See, there's a reason why I picked that as the quote of the year.  Sometimes, I _do_ know what I'm doing....

-wanders to the closet--err... darkroom--mumbling and tapping his nose-


----------



## JamesD (Aug 12, 2006)

terri said:
			
		

> And I insist this section of TPF remain digi-free, as well. I wish for us to collectively promote, demonstrate, and celebrate all the fantastic, beautiful imagery that can be had through analog photography here - not use it as a place to bash digital users and their cams in comfort.
> 
> /end rant. :mrgreen:




I do have a serious question for you, Terri.  What part of the process must be analog here?  I've seen examples of traditional media used to produce a negative, then that negative being scanned and inverted to produce the final image.  I've also seen digital files that were printed, then printed through traditional means, then scanned and uploaded.  In fact, I'm pretty sure that I've done it... though I'd have to check.  Then, there are negatives that are printed with traditional techniques, then scanned and adjusted to produce a final image.  Then, there are negatives that are printed tratitionally, then scanned and not adjusted.
EDIT: 
There are also images which are entirely digital.  I had completely forgotten about this thread, but it's been bumpped up: http://thephotoforum.com/forum/showthread.php?t=48659
/EDIT

So, what part or parts of the workflow are not allowed to be digital?  Is it a focus on the technique used to produce an image, or is it a focus on the workflow? Or the type of image?  Or something completely different?  Disallowing any one of these would for sure exclude someone from this portion of the forum... and I know I don't want that.  I mean, we're almost like a group in and of ourselfs... the Alt-geeks. :mrgreen:


----------



## terri (Aug 12, 2006)

The main point of the alt forum is what it says under the title out there:what is typically viewed as an "alternative photographic process". I appreciate that term has become sullied over the years, as what is considered alt even by the alt crowd is often little more than darkroom trickery: ie, the sabattier effect. 

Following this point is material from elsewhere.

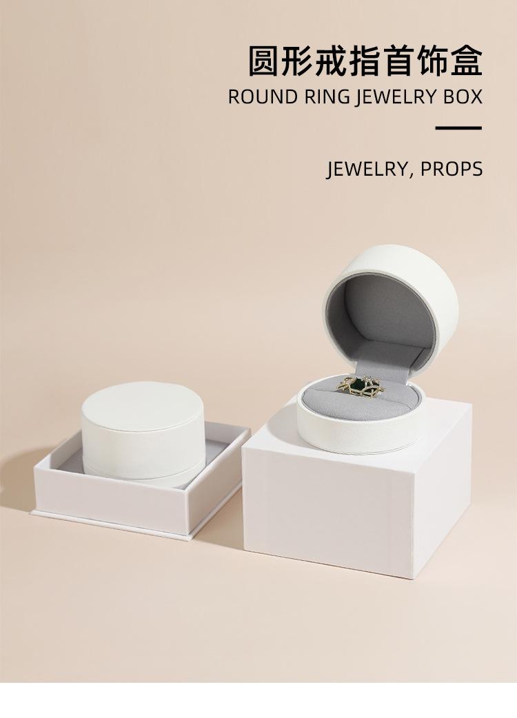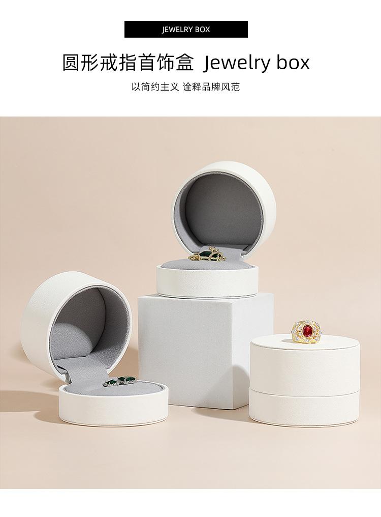 Joyero cilíndrico de alta calidad, caja de PU blanca para colgante de anillo y collar, caja de embalaje para joyería, caja de joyería de fábrica

Polaroid transfers, bromoils, lith print making, pinhole cam imagery, paper negas - to me all fall under this realm. Don't they to you, as well? I don't mind a bit of compromise when combining techinques is a means to what is basically an analog end product. 

The one gray area has been infrared, and that fits into the post you just mentioned, James. IR film is not really an alt process, it's just another film type, but there is special handling and filters and lovely effects unique to the film, so there is is. However, digital IR as described in that other thread doesn't fit here and I was being tolerant. :razz: I usually move those threads over to graphics, since the posters are generally describing something they've learned how to do in PS. I'll say it again: PS is NOT an alternative photographic process!

Bottom line is:there are no digital/film debates tolerated at TPF (read the FAQ's!), and when seemingly innocuous threads like this get started, someone inevitably chimes in to defend their POV and before you know it, people are annoyed. 

Personally, I get tired of reading anyone's Chicken Little assessment of the future of film, here or other forums. It's a pretty narrow view. In addition, there is a film Q&A forum here for anyone who feels they must be the gloom & doom-monger at TPF. Why post it in the Alt forum? It does not belong here.


----------



## mysteryscribe (Aug 12, 2006)

then throw it out....better still delete it...


----------



## terri (Aug 12, 2006)

Nope, I see no need to delete it.    Thanks for understanding and compliance.


----------